Mid-size hedge funds pulled in most new money-data |
Date: Tuesday, December 15, 2009
Author: Svea Herbst-Bayliss, Reuters
*Investors appear to prefer bigger funds *Smaller funds eyeing new staff to help pull in money BOSTON, Dec 14 (Reuters) - Hedge funds that oversee at least $5 billion saw
investors add more money than they pulled out in the first nine months of the
year, highlighting clients' apparent taste for bigger hedge fund firms, data
released on Monday show. "Hedge funds with between $5 billion and $10 billion were the only net asset
gatherers ... having experienced a 5 percent positive net flow," researchers at
Barclays Capital wrote in a report.
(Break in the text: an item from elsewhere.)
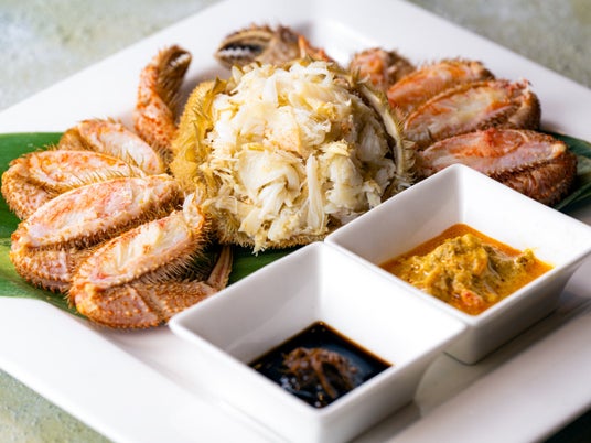 北海道産毛ガニの一匹蒸し 特製生姜黒酢で

The report comes as pension funds and endowments are putting new money into
alternative assets like hedge funds only one year after the $2 trillion industry
suffered a drubbing with heavy losses plus heavy redemptions. The Barclays report found that very large firms with more than $10 billion in
assets saw low inflows and outflows. Smaller hedge funds that manage between $1 billion and $5 billion experienced
the biggest fluctuations in flows, reporting redemptions of 30 percent and
inflows of 18 percent. Big pension funds that manage state or private corporations' money tend to
prefer bigger hedge funds where they expect a more stable infrastructure than at
smaller firms that may just be starting out. Barclays found that investors added $150 billion in new money to the industry
in the first nine months of the year. Barclays interviewed fund managers whose
firms manage a combined total of $387 billion around the world. The smaller firms, the ones with less than $5 billion in assets, said they
plan to hire more staff to help raise more funds.